EU leaders to debate green industry plan with eye on March deal

European Union flags flutter outside the EU Commission headquarters in Brussels

By Philip Blenkinsop

BRUSSELS (Reuters) - European Union leaders will debate on Thursday proposals to enable the bloc to compete with the United States in clean-tech production and reduce dependence on China, with the aim of settling differences such as those over subsidies by March.

The European Commission has proposed loosening rules on state aid for investments in renewable energy or decarbonising industry and faster approvals of green projects, partly in response to the U.S. Inflation Reduction Act.

Many EU leaders are concerned local content requirements of the $369 billion of green subsidies in the U.S. legislation will encourage companies to relocate, making the United States a leader in green tech at Europe's expense.

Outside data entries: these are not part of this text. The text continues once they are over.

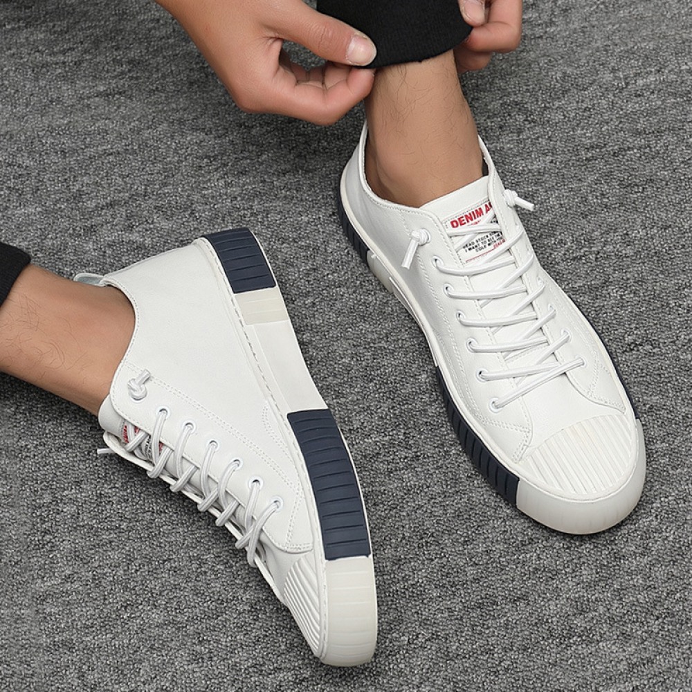 Men's Leather Board Shoes Trendy White Casual Shoes
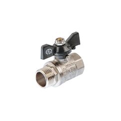 Шаровой кран Ду 15 ВР-НР, латунь-никель, бабочка, до 40 бар, для холодной и горячей воды, антикоррозийное покрытие, компактный монтаж.
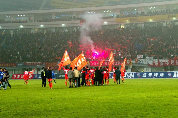 1995年11月26日,在南京的五台山体育场,济南泰山2-0爆冷击败当赛季的联赛冠军上海申花。泰山的一高一快(宿茂臻、唐晓程)碰上了申花的抢逼围。申花队球星云集,在甲A联赛中申花队曾以4-0和3-1击败泰山队,比赛之前没有人看好泰山队,能够闯入决赛已经算是相当意外的成绩。快马唐晓程在开场四分钟便攻破申花队球门,现任泰山队主帅的李霄鹏再次攻破申花球门,泰山队捧得职业化后首座足协杯冠军奖杯。

"European industries face pressure to install themselves in the United States so we need an urgent message on clean tech: the EU doesn't just have advantages that don't exist anywhere else but also act with this plan," an EU diplomat said.

France and Germany have led the push for looser state aid rules, but some EU states argue they will not be able to match the subsidies of the EU's two largest economies, unsettling the EU internal market.

Countries such as the Netherlands, the Nordics, the Czech Republic and Ireland have expressed concern in letters to the EU executive about the risk of excessive non-targeted subsidies and say work to improve the EU single market would be more effective.

"It's a potentially ground-breaking transformation of the EU state aid regime. We think it's all being done too fast and without sufficient analysis," said an EU diplomat.

The diplomat said that it looks like relaxation of state aid rules would take place, but hedged with conditions such as that it should only be temporary and should be proportionate.

EU leaders will reconvene in Brussels in late March, by when the European Commission should have proposed its Net-Zero Industry Act to speed up project or site approvals and the Critical Raw Materials Act, designed to boost processing and recycling in Europe and reduce reliance on China.